**Work instructions:** Without copying any picture, transcribe exactly the lines of the data below from the one containing "同时,梵维机构短视频负责人还" through the one containing "This fully furnished".

*** Data to examine ***

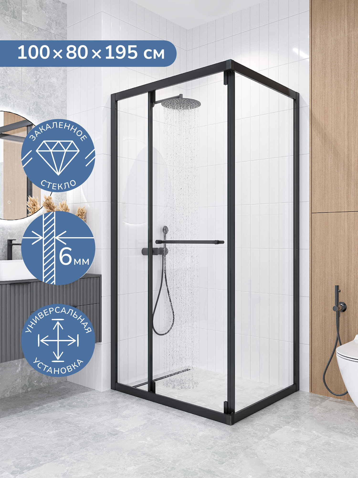 Душевой угол 100х80х195 см. сдвижная дверь Ulitka Joy стекло прозрачное, профиль черный: сравнение цен, характеристики, фото, актуальное наличие и цены.
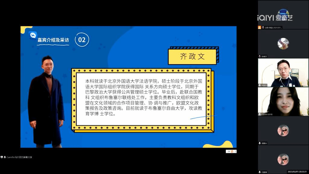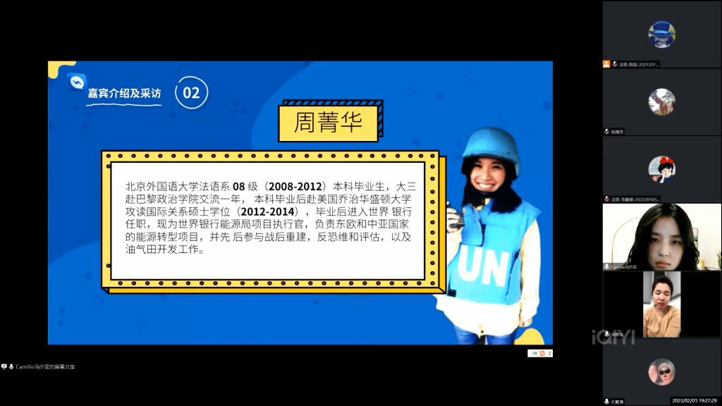 于2月5日以线上讲座的形式举行“职划之夜国际组织篇”讲座,邀请到四位在国际组织工作的校友与同学们交流分享职业经验。讲座为同学们了解国际组织的工作方式、选拔要求、未来发展等提供了宝贵经验。
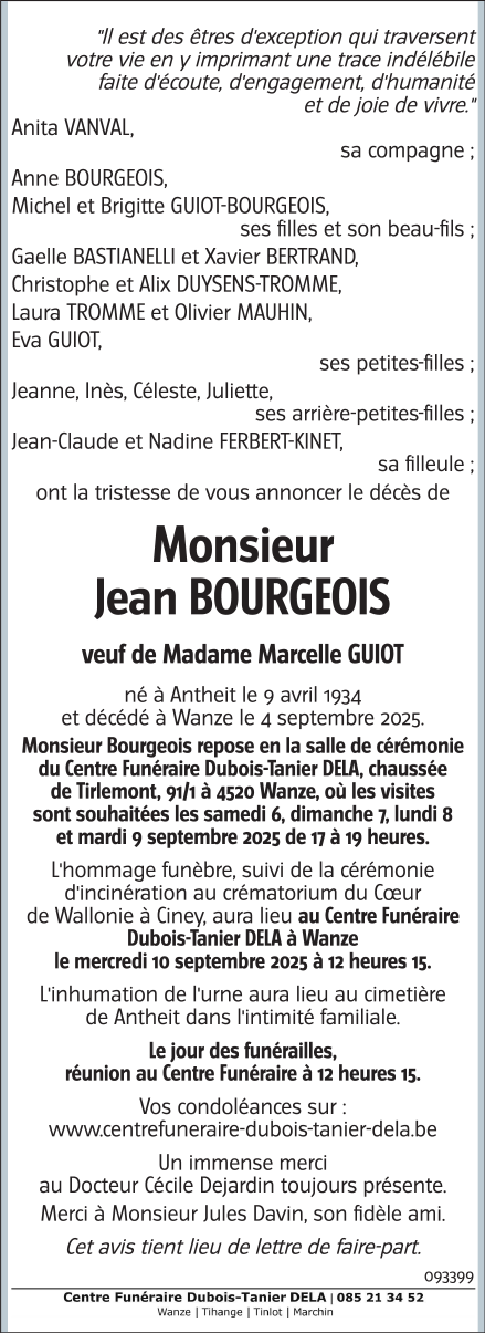 Fallecido en Wanze (4520, Bélgica) el jueves, 4 de septiembre de 2025 a la edad de 91 años
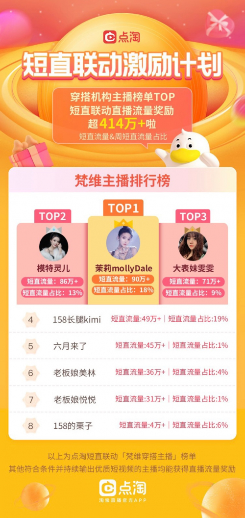 同时,梵维机构短视频负责人还提到,点淘短视频给机构和主播带来了各个方面的收获:在流量方面,短视频账号能够精准地把服装偏好的短视频流量,引入直播间;在主播宣传推广方面,主播可以借助参加点淘的视频打榜赛、定向视频约稿,获得更多资源位的曝光;在粉丝互动方面,规律地发布风格统一、制作精良的穿搭视频,有利于增加粉丝黏性,在不开播时段也能吸引粉丝的持续关注。
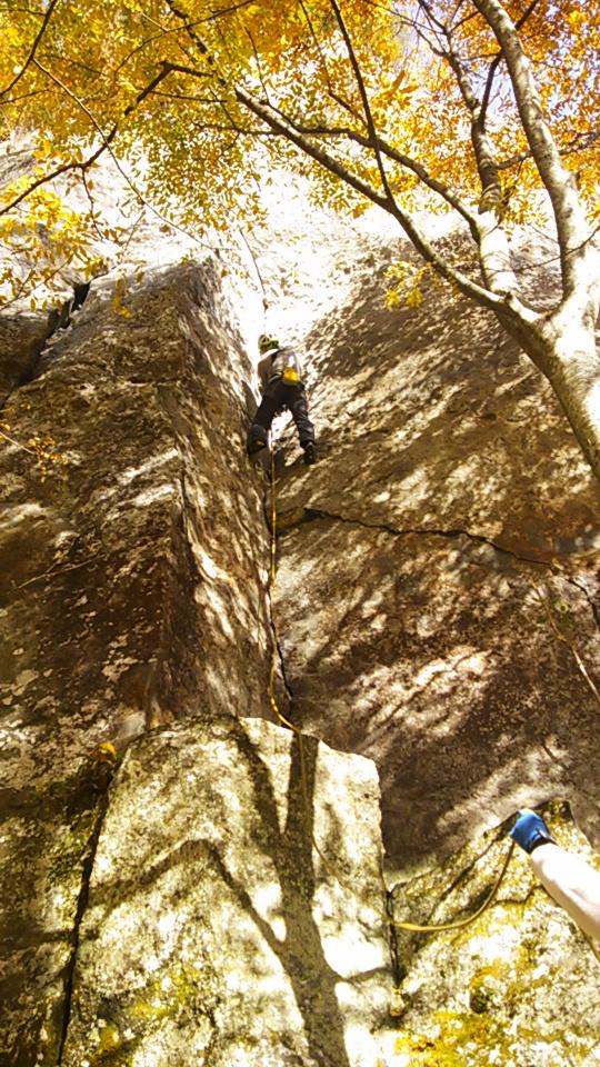 ガイド検定でお世話になった友人が登られていないクラックを大掃除していました。
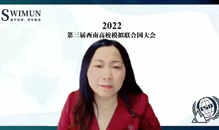 6月5日,为期三天的2022年第三届西南高校模拟联合国大会顺利落下帷幕。四川外国语大学教务处处长刘玉梅受邀出席闭幕式,并做英文主旨致辞。她指出和平与发展是当今时代的主题,推动落实2030年可持续发展议程已经成为各国的普遍共识,面对复杂的国际形势,要实现可持续发展,需要各国相互理解、相互信任、相互合作。四川外国语大学一直以来致力于为学生提供多样化的专业实践机会,让学生感受多元文化、了解国际组织制度与运行规则,培养学生的全球视野。刘玉梅肯定了模拟联合国活动对学生综合能力提升的价值,认为它为广大青年学子提供了一个有助于推动真正变革的新思维平台,激发了模联代表为全球治理贡献新智慧、为推动构建人类命运共同体贡献青春力量。
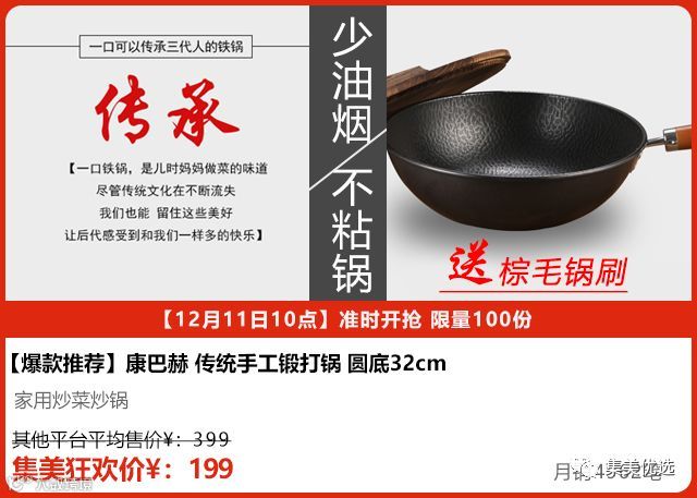 康巴赫老铁锅章丘传统手工锻打锅32cm 送棕毛锅刷
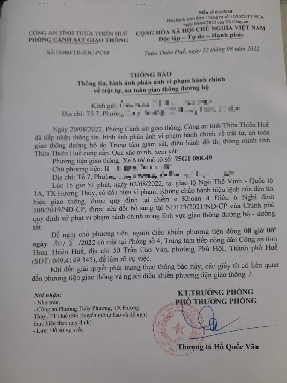 Vào lúc 15 giờ 51 phút, ngày 02/08/2022 Xe máy mang biển kiểm soát 75G108849 Không chấp hành hiệu lệnh của đèn tín hiệu giao thông tại địa điểm Ngô Thế Vinh - QL1A.
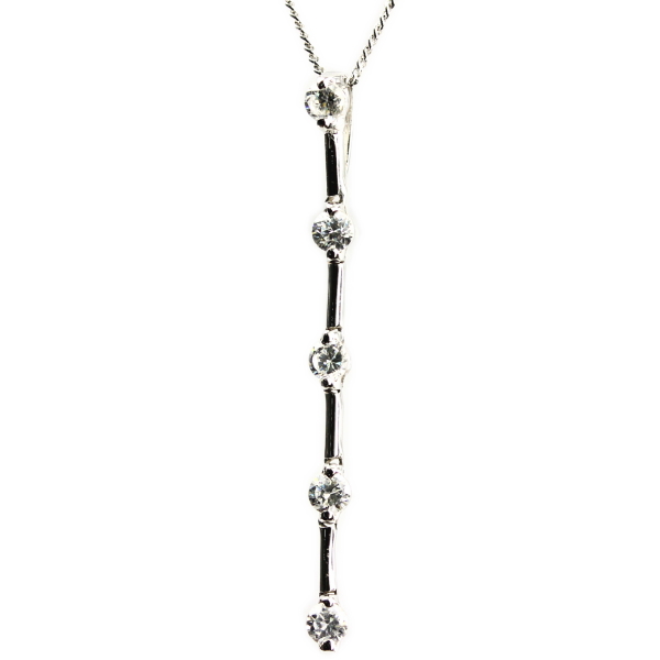 シンプルなステーション型のネックレス。5粒のCZが煌めくエレガントなラインネックレスです。シルバー925にロジウムコーティングを施しているので変色しにくくお手入れも簡単にできます。C-BA STYLE専用のボックスとショッパーも付属しているので記念日・誕生日などギフトにピッタリです。
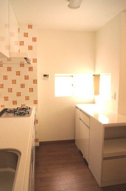 造作壁対面キッチンです。撮影者が立っている位置はホールです。
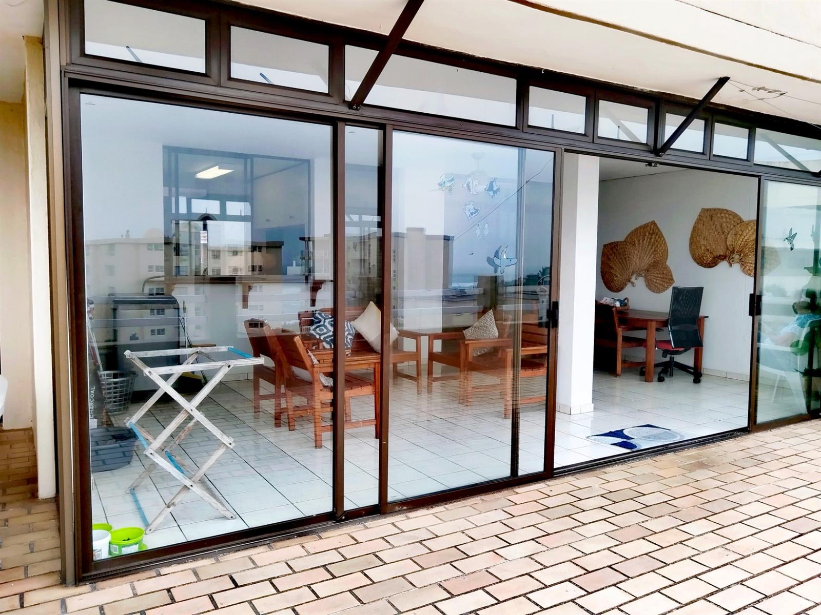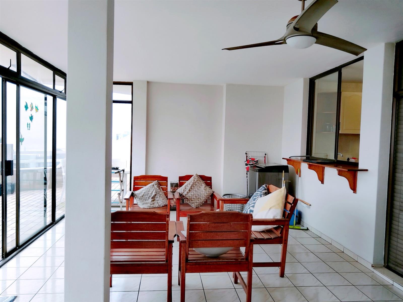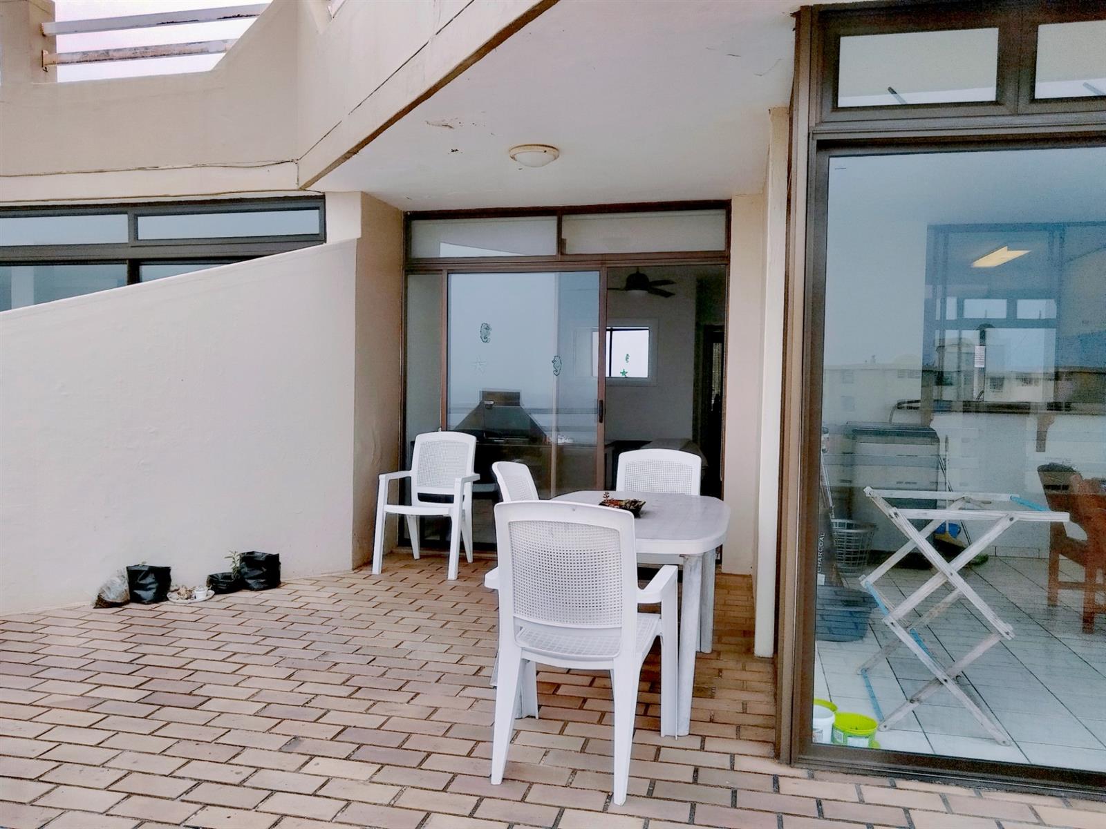 This fully furnished penthouse on the third floor offers space and great sea views overlooking other beachfront properties. The complex is less than 500m to the popular Lucien Beach and less than 1km from the main Margate beach. The two guest bedrooms are spacious with ceiling fans and complex views. The luxury main bedroom is spacious and have a sliding door to a private open balcony area with sea views. The open plan lounge, dining room and kitchen is specious, well laid out and the kitchen has a serving hatch to the entertainment room area that is part of the enclosed balcony. Enough space for a second lounge and dining area or entertainment. The big open balcony is ideal for entertaining and a braai with friends and family while smelling the ocean and hearing the breakers in the background.
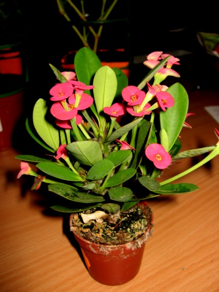 - Sujet : Plante grasse, d'intérieur, épineuse, à fleurs rouge...
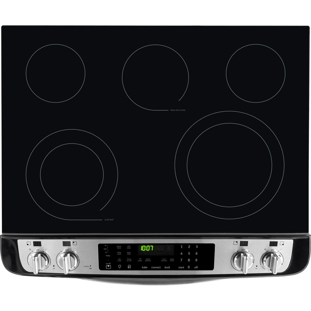 The cooktop features five burners including two SpaceWise® Expandable elements and a Warming Zone so you can cook more at once.
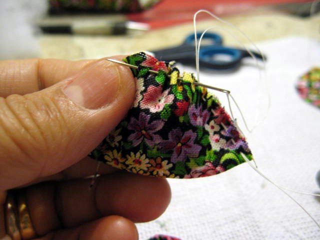 Continuar a costura até fechar o semicírculo.
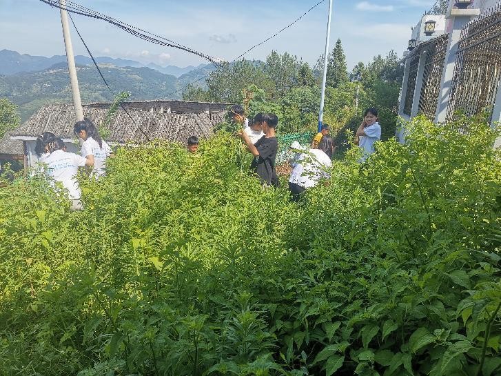 在凤栖楼前的百草园中,队员们与孩子们一起进行拔草劳动,在欢声笑语中感受植物清新的气息,在挥洒汗水中,一起体验劳动教育带来的乐趣。
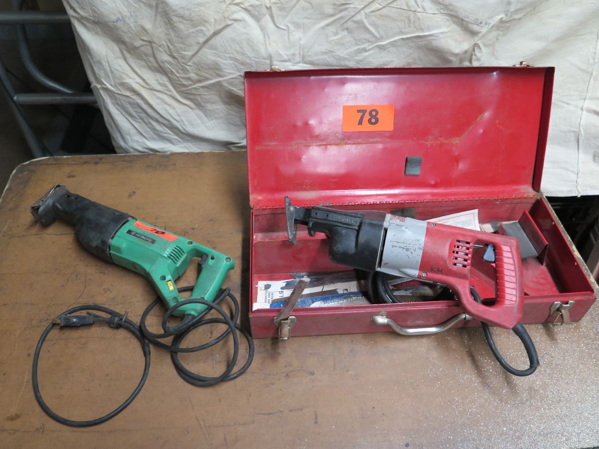 Milwaukee Sawzall w/Misc. Blades, Case & Hitachi Sawzall
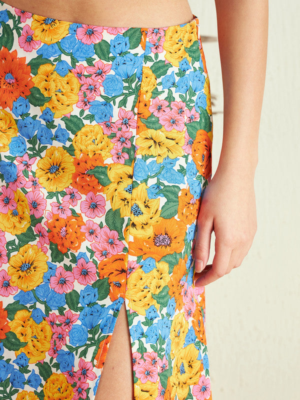 Berrylush Women Multicolour Floral Printed Crepe Thigh-High Slit Flared A-Line Midi Skirt
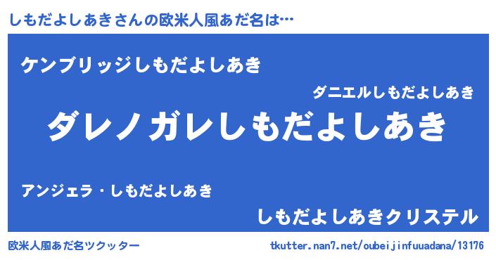 | 男性向けラノベタイトル風あだ名 | 『この素晴らしい世界にしもだよしあきを!』 |
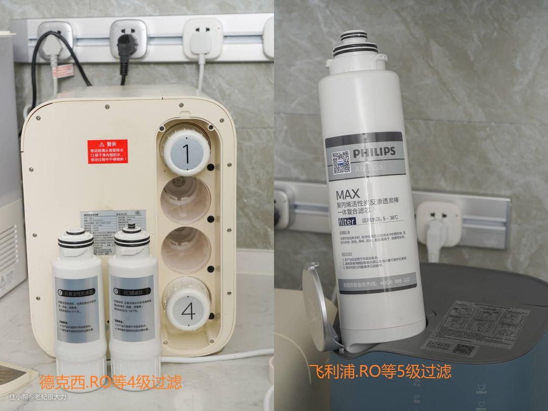 飞利浦使用一根RO滤芯5级过滤,滤芯寿命为1年,价格为499元。
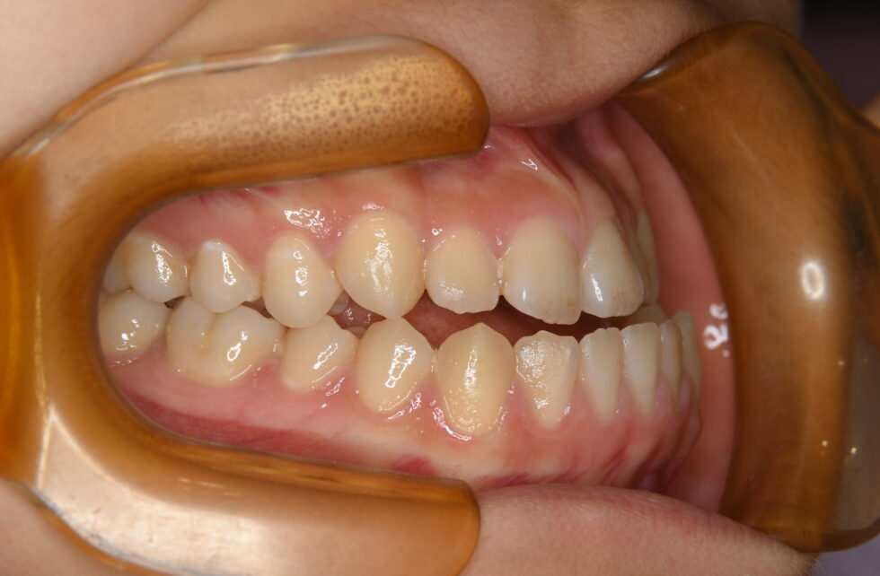 傾斜があるため上顎左右側第二小臼歯を抜歯していただいた。術前矯正2年6か月間、術後
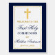 Modern Elegant Blue and Gold First Holy Communion Welcome Poster Board with Cross
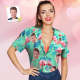 Startseite / Hawaiihemd mit Gesicht Hawaiihemd Mit Individuellem Gesicht, Flamingo-tropenhemd Für Frauen, Komplett Bedruckt Mit Grün Und Palmblättern
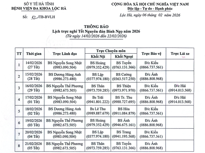 Thông báo lịch nghỉ Tết Nguyên đán Bính Ngọ năm 2026
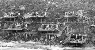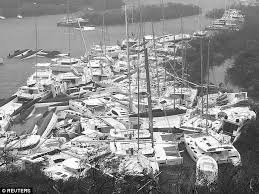 We finally have some news.  We saw this picture this morning of the Nanny Cay storage area.  Most boat are toppled and it looks bad, but Genevieve is identifiable.  She is on her ear, leaning over about 30 degrees and it looks like the mast is still up.  We won’t know the extent of damage … More Now We Know, Kinda
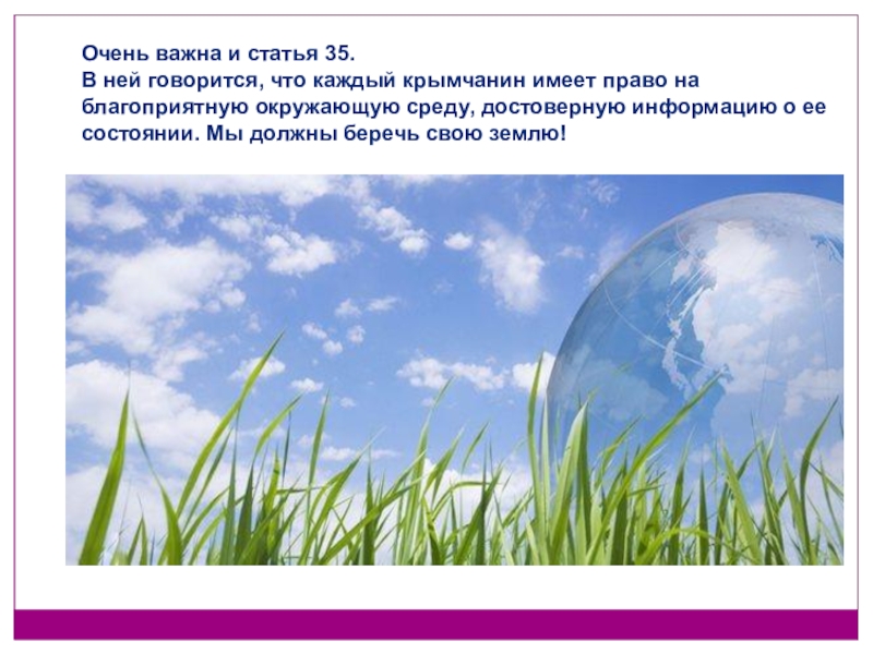 имеет право на благоприятную окружающую среду, достоверную информацию о ее состоянии. Мы должны беречь свою землю!
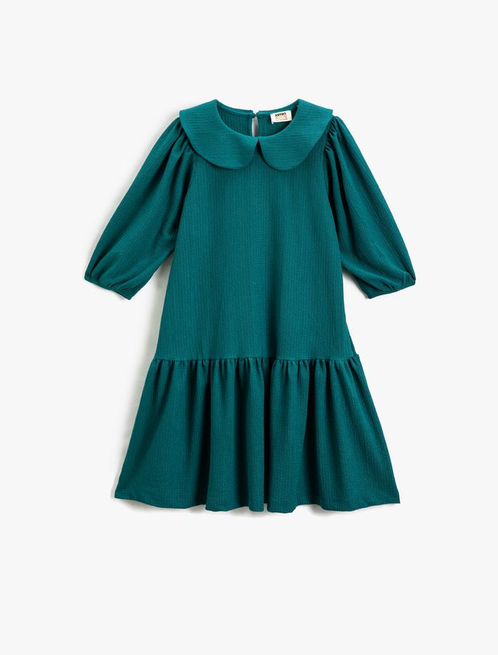 Elbise Geniş Bebe Yaka Balon Kollu Katlı Fırfırlı Sepete Ekle
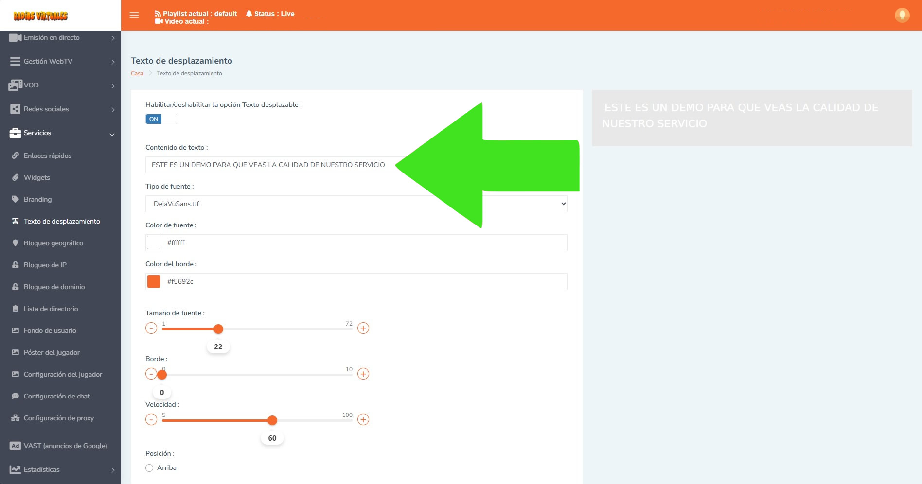 puedes tener un texto desplazable en tu trasmisión en vivo, esto es de mucho
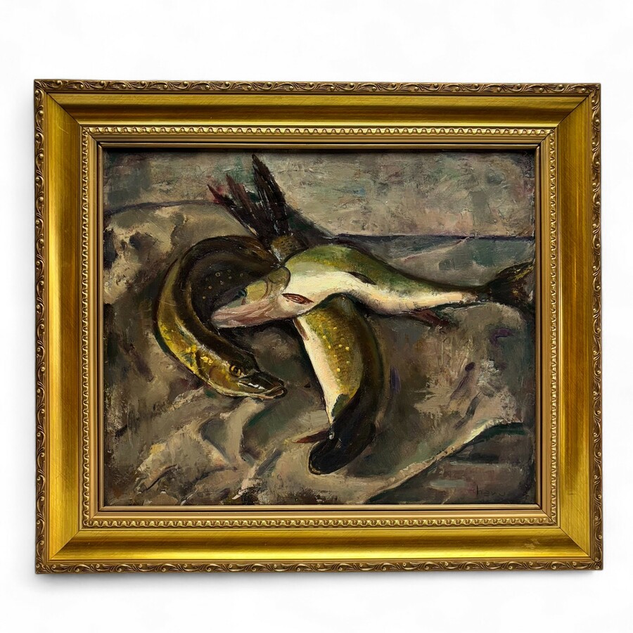 Schilderij, olieverf op doek. Stilleven met kabeljauw. Rechtsonder gesigneerd Piet Hanja (Tjimahi (Java) 1902 - Leeuwarden 1982). Verso met tekst '1948 tentoonstelling Haarlem'.

***

**Written solution:**
 同时,梵维机构短视频负责人还提到,点淘短视频给机构和主播带来了各个方面的收获:在流量方面,短视频账号能够精准地把服装偏好的短视频流量,引入直播间;在主播宣传推广方面,主播可以借助参加点淘的视频打榜赛、定向视频约稿,获得更多资源位的曝光;在粉丝互动方面,规律地发布风格统一、制作精良的穿搭视频,有利于增加粉丝黏性,在不开播时段也能吸引粉丝的持续关注。
 ガイド検定でお世話になった友人が登られていないクラックを大掃除していました。
 6月5日,为期三天的2022年第三届西南高校模拟联合国大会顺利落下帷幕。四川外国语大学教务处处长刘玉梅受邀出席闭幕式,并做英文主旨致辞。她指出和平与发展是当今时代的主题,推动落实2030年可持续发展议程已经成为各国的普遍共识,面对复杂的国际形势,要实现可持续发展,需要各国相互理解、相互信任、相互合作。四川外国语大学一直以来致力于为学生提供多样化的专业实践机会,让学生感受多元文化、了解国际组织制度与运行规则,培养学生的全球视野。刘玉梅肯定了模拟联合国活动对学生综合能力提升的价值,认为它为广大青年学子提供了一个有助于推动真正变革的新思维平台,激发了模联代表为全球治理贡献新智慧、为推动构建人类命运共同体贡献青春力量。
 康巴赫老铁锅章丘传统手工锻打锅32cm 送棕毛锅刷
 Vào lúc 15 giờ 51 phút, ngày 02/08/2022 Xe máy mang biển kiểm soát 75G108849 Không chấp hành hiệu lệnh của đèn tín hiệu giao thông tại địa điểm Ngô Thế Vinh - QL1A.
 シンプルなステーション型のネックレス。5粒のCZが煌めくエレガントなラインネックレスです。シルバー925にロジウムコーティングを施しているので変色しにくくお手入れも簡単にできます。C-BA STYLE専用のボックスとショッパーも付属しているので記念日・誕生日などギフトにピッタリです。
 造作壁対面キッチンです。撮影者が立っている位置はホールです。
 This fully furnished penthouse on the third floor offers space and great sea views overlooking other beachfront properties. The complex is less than 500m to the popular Lucien Beach and less than 1km from the main Margate beach. The two guest bedrooms are spacious with ceiling fans and complex views. The luxury main bedroom is spacious and have a sliding door to a private open balcony area with sea views. The open plan lounge, dining room and kitchen is specious, well laid out and the kitchen has a serving hatch to the entertainment room area that is part of the enclosed balcony. Enough space for a second lounge and dining area or entertainment. The big open balcony is ideal for entertaining and a braai with friends and family while smelling the ocean and hearing the breakers in the background.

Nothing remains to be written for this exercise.